Modi’s categorization of India’s 1.3 billion people into two distinct classes of the poor and the well-off, rejecting conventional notions of caste that shaped India’s politics for long, is defining India’s economic policies in a more pronounced way in his second term in office. Finance minister Nirmala Sitharaman who presented the Union budget for FY20 in Parliament earlier this month spent the bulk of her two-hour speech detailing the steps her government was taking for the poor, small businesses and farmers.

In a budget that proposed a whopping 20% jump in the central government’s budget spending to over ₹27.8 trillion in FY20 from what was spent a year ago as per provisional estimates, Sitharaman had to explore new revenue sources. The choice was obvious: Tap those who can pay a little more in taxes to help the poor come out of poverty. Sitharaman proposed an increase in surcharge levied on income tax outgo of individuals with earnings more than ₹2 crore, in two slabs.

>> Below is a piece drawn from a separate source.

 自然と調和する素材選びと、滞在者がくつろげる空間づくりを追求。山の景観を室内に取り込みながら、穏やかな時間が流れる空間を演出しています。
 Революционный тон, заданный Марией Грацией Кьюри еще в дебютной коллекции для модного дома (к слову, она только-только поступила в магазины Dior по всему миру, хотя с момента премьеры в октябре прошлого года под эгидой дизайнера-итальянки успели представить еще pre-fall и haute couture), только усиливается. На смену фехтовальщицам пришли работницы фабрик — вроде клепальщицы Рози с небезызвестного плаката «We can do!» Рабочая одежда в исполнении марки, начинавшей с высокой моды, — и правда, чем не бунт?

It was raised from 15% to 25% where the income is between ₹2-5 crore and from 15% to 37% for those earning more. In effect, a person earning in the range of ₹2-5 crore will pay 39% tax (called the highest marginal tax rate for that person) on the income exceeding ₹2 crore, and a person earning more than ₹5 crore will pay 42.74% on the income exceeding ₹5 crore. The surcharge increase soon got a name: Robinhood tax.

Who’s impacted

The increase is applicable to a host of tax payers including individuals, directors in companies on the remuneration that they receive, partners in firms on the remuneration that receive, shareholders who get dividend or benefit from capital gain on sale of shares. The profit share that partners in firms get are not subject to income tax and therefore does not attract surcharge either, explained Amit Maheshwari, partner at Ashok Maheshwari & Associates.

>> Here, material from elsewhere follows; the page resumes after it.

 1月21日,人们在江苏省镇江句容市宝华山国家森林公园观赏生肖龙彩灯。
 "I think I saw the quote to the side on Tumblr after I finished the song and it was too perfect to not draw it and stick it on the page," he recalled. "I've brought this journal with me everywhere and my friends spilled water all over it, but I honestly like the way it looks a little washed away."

Analysts said some of their clients enquired about possibilities of shifting their domicile to other countries with more benign tax rates but were quick to add that such a move was not easy to execute. The government promptly dismissed worries that high earners may flee the country just because of the tax change. Revenue secretary Ajay Bhushan Pandey said in a post-budget interview that people’s attachment to their country was far too strong to be affected by an increase in their tax outgo. Non-residents need to pay taxes in India only on income earned in India while those who spend enough time in the country to fall in the class of ‘resident and ordinarily resident’ have to pay taxes in India on their global income.

The reaction to the surcharge increase has been mixed. According to Archit Gupta, founder and chief executive officer of ClearTax, a tax-related services provider, the surcharge increase will create a tax arbitrage based on how individuals are set up. Some may choose to deliver their services through limited liability partnerships (LLPs) to reduce tax outgo. Partners in firms could rework the components of remuneration and profits to adjust their tax outgo. Tax rates have to be a function of economic and social conditions in a country including the living standards and the social security systems available to citizens, said Neeru Ahuja, partner, Deloitte India. “It is not fair to compare the tax rates of a developing economy like ours with that of developed countries with strong social security backup,” said Ahuja.

FPIs

In the meanwhile, foreign portfolio investors (FPIs) have raised a hue and cry that a section of them that are organized as trusts may get hit by the increase in surcharge. That is because certain trusts may be assessable as associations of persons. The finance ministry is examining their grievance and may come out with a solution as the surcharge increase was not aimed at them, a person familiar with the government’s thinking said on condition of anonymity. FPIs are usually set up as corporate bodies or as partnerships but not as trusts. “Increasingly, surcharge is being used a means to increase collections, whereas a more comprehensive approach to reforming the tax structure is required,” said Gupta of ClearTax.